Entering Rawsonville in the South African wine growing province of the Western Cape Lee Middleton/IRIN
It took the loss of an 11-year-old farm worker's leg for farmers in South Africa's Western Cape Province to belatedly heed legislation outlawing child workers, but the consequences of respecting the law has had adverse and unintended effects on those it seeks to protect.

Child labour on farms was outlawed in 1996, two years after the demise of apartheid, but it was only in 2002 that farmers appreciated the cost of flouting the law, after Waronice van Wyk severed her leg and subsequent legal action forced a farmer in the Ceres district to pay R25,000 (US$2,500) in compensation, sending a message to other farmers that employing workers younger than 16 carried a heavy price.

However, the unpalatable truth is that child labour was a much needed additional source of income in the deeply impoverished region. "The money in the family is small now, if children aren't working," said Monica, a mother of three living in Rawsonville in the Breede River Valley, whose husband works on one of the numerous wine producing farms in Western Cape.

Susan Levine, a children's rights lecturer and researcher at the University of Cape Town, told IRIN: "Children will go to farmers and say, 'Please can I work the season, I really need the money,' and they [farmers] will say, 'No'."

Rigorous implementation of the legislation had decreased child farm workers significantly, but "Taking children out of the productive sphere has deepened childhood poverty and overall household insecurity in many instances," she commented.

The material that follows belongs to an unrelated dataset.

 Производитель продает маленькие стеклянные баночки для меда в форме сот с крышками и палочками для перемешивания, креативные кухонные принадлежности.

''Taking children out of the productive sphere has deepened childhood poverty and overall household insecurity in many instances''
"[It] surely should have been predictable that without a radical restructuring of the political economy of farm life, including land dispensation for subsistence agriculture and a living wage, survival has become untenable," Levine said.

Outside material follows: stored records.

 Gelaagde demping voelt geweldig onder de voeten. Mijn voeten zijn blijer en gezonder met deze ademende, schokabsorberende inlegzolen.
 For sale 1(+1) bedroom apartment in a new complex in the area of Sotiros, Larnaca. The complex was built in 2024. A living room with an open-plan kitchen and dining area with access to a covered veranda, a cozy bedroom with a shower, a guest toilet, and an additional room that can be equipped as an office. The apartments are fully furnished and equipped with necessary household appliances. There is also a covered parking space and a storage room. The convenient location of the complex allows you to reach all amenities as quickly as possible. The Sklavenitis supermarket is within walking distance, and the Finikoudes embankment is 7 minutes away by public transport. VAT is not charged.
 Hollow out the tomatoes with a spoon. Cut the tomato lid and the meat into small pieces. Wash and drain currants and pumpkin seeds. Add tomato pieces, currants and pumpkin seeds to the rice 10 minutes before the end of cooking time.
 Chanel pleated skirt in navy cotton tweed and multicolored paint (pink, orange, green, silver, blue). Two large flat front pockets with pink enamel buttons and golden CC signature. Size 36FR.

"Many of the kids I worked with would talk about how [the harvest] was one of their favourite times of year because they got some money, and they felt valued by their parents, so there was a lot of pride and a feeling of community and belonging. For a lot of children, being taken out of that yearly family seasonal labour has been quite devastating - they felt a real lack of contribution, and quite wayward and lost during school holidays."

Yet Levine said children also complained about the work environment and abuse by farmers. "You have a contradictory discourse from children weighing up the benefits and hazards."

After consulting children, police, clinicians, nurses, and social workers in the area, "the general direction is that children are looking for other ways to support themselves now that formal wage labour has been made illegal," she said.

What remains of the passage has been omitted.